[Start of Attachment]

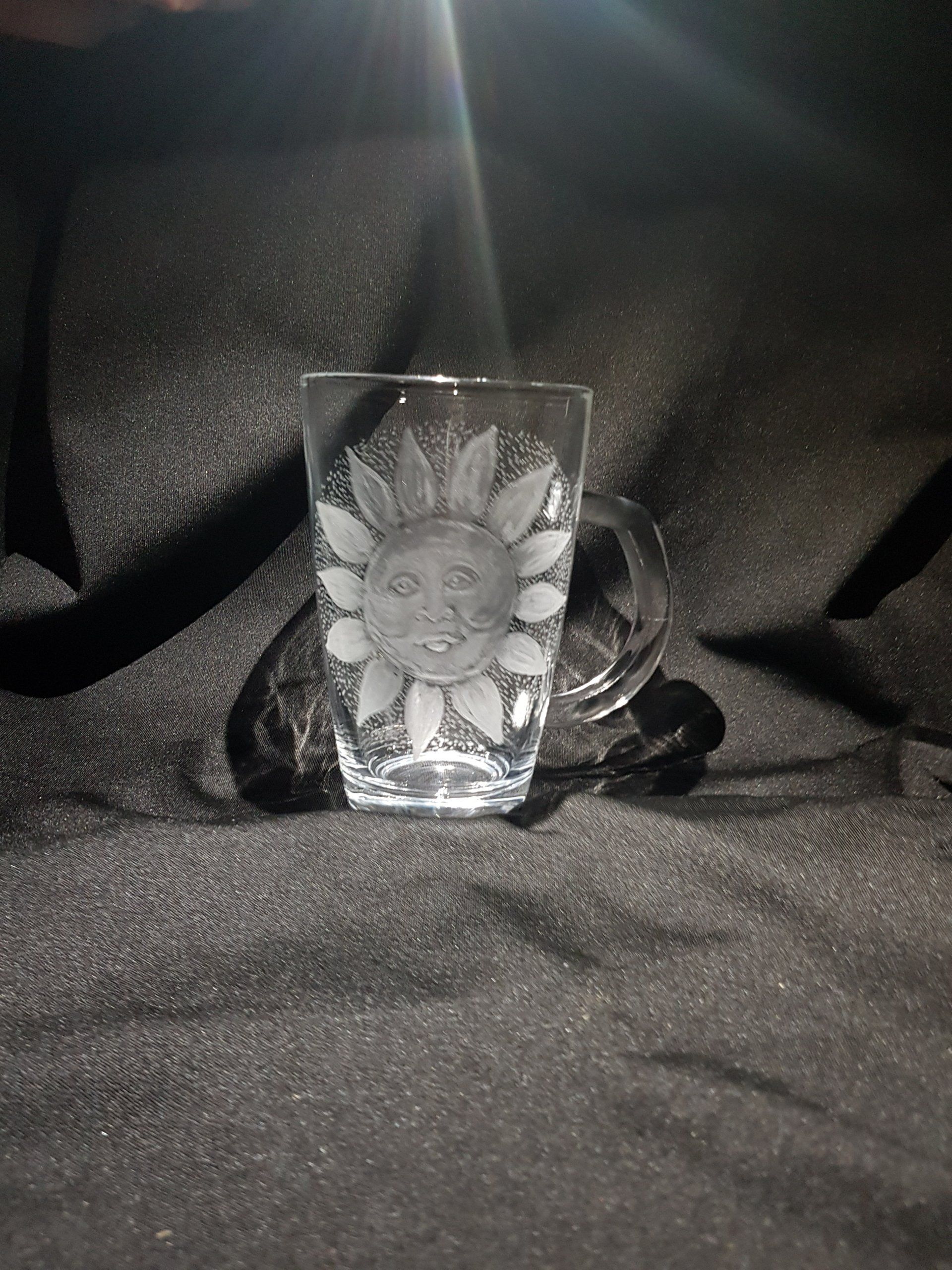 Eine Glastasse für Genießer, in liebevollter Handarbeit graviert.
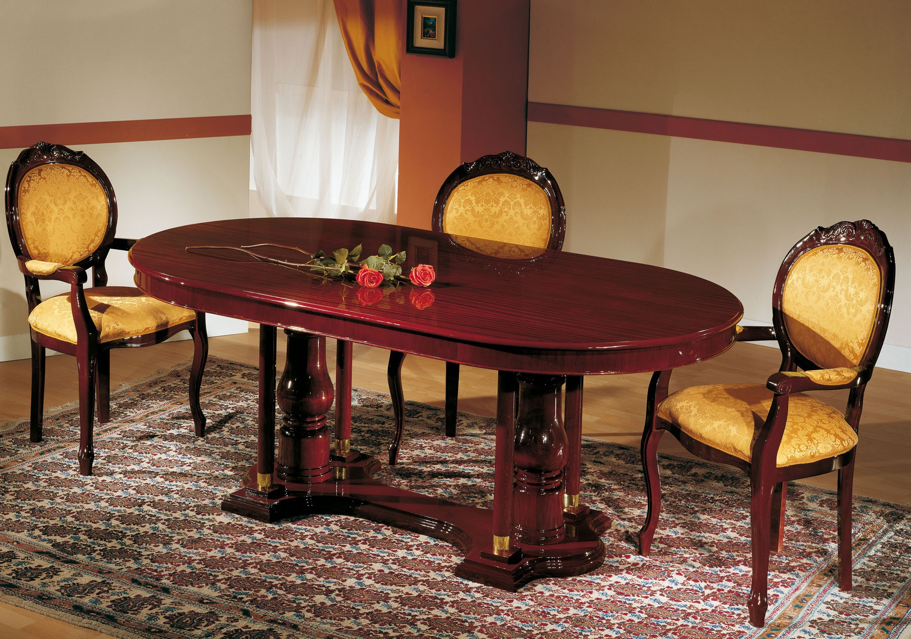 Emma dining table from the Italian factory RM Arredamenti, a collection of Novalinea. The frame is made from solid cherry, lacquered surface. Oval table top, on legs-columns. The model is decorated with hand carved and metal accents Golden color. The product is executed in classical style.
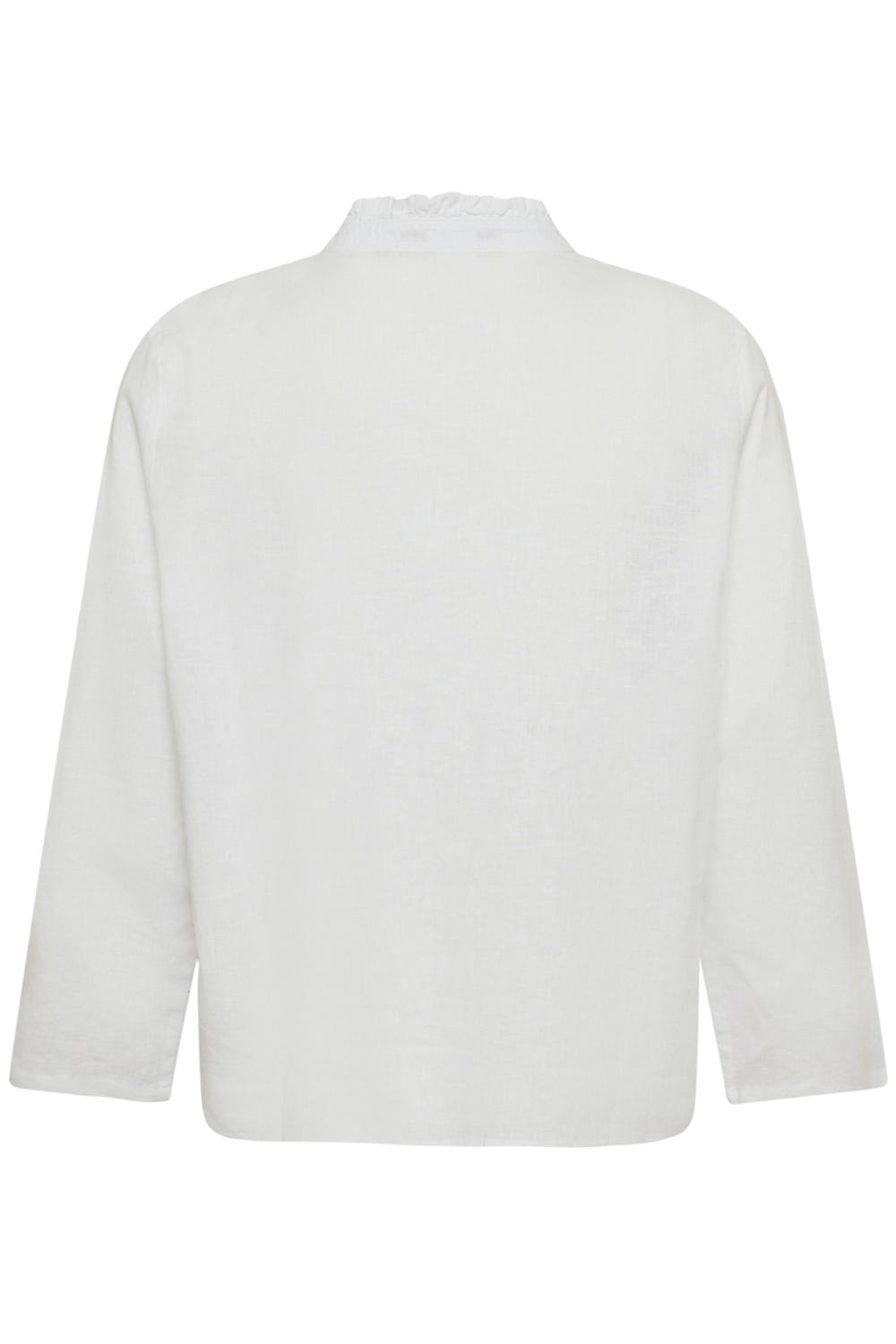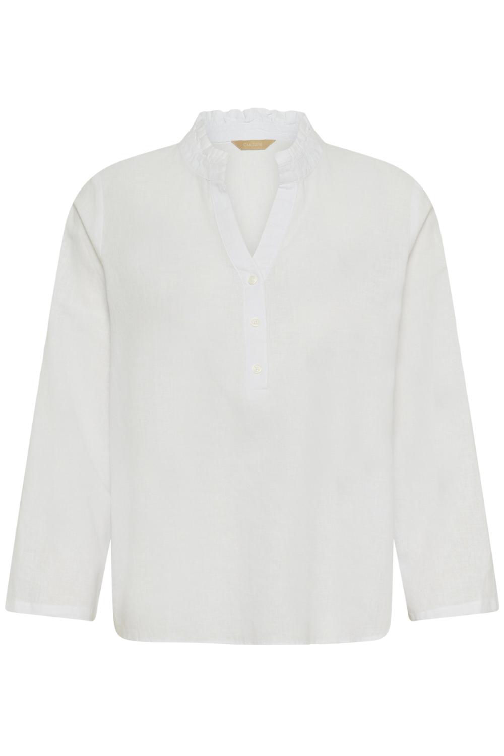 Blus med avslappnad passform, rynkad ståkrage och V-ringning med knappslå. Bekväm 3/4-ärm, perfekt för både vardag och arbete.
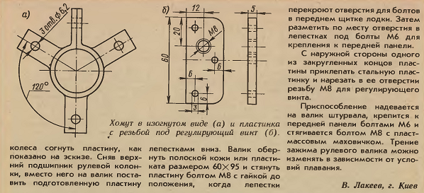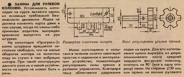 Это верно, когда идёт сквозная намотка штуртроса на рулевой барабан, здесь в принципе можно обойтись и одним натяжным устройством. На Прогрессе штуртрос закреплён на барабане, и у каждой ветви троса своя натяжка талрепом или пружиной. Для повышения устойчивости Прогресса на курсе можно сделать рег. зажим рулевого вала.
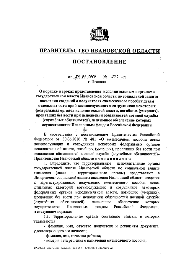 Постановление Правительства Ивановской области от 25.08.2010 N 302-п "О порядке и сроках представления исполнительными органами государственной власти Ивановской области по социальной защите населения сведений о получателях ежемесячного пособия детям отдельных категорий военнослужащих и сотрудников некоторых федеральных органов исполнительной власти, погибших (умерших), пропавших без вести при исполнении обязанностей военной службы (служебных обязанностей), пенсионное обеспечение которых осуществляется Пенсионным фондом Российской Федерации"
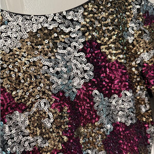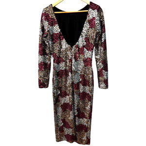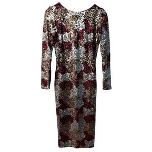 NEW! Dress the Population M Brenna SEQUIN Bodycon Dress Long Sleeve Metallic

[End of Attachment]

- TASK OBJECTIVE
From the first line to the last, set down the records exactly, leaving out images.

- WRITTEN ANSWER
 Eine Glastasse für Genießer, in liebevollter Handarbeit graviert.
 Emma dining table from the Italian factory RM Arredamenti, a collection of Novalinea. The frame is made from solid cherry, lacquered surface. Oval table top, on legs-columns. The model is decorated with hand carved and metal accents Golden color. The product is executed in classical style.
 Blus med avslappnad passform, rynkad ståkrage och V-ringning med knappslå. Bekväm 3/4-ärm, perfekt för både vardag och arbete.
 Это верно, когда идёт сквозная намотка штуртроса на рулевой барабан, здесь в принципе можно обойтись и одним натяжным устройством. На Прогрессе штуртрос закреплён на барабане, и у каждой ветви троса своя натяжка талрепом или пружиной. Для повышения устойчивости Прогресса на курсе можно сделать рег. зажим рулевого вала.
 Постановление Правительства Ивановской области от 25.08.2010 N 302-п "О порядке и сроках представления исполнительными органами государственной власти Ивановской области по социальной защите населения сведений о получателях ежемесячного пособия детям отдельных категорий военнослужащих и сотрудников некоторых федеральных органов исполнительной власти, погибших (умерших), пропавших без вести при исполнении обязанностей военной службы (служебных обязанностей), пенсионное обеспечение которых осуществляется Пенсионным фондом Российской Федерации"
 NEW! Dress the Population M Brenna SEQUIN Bodycon Dress Long Sleeve Metallic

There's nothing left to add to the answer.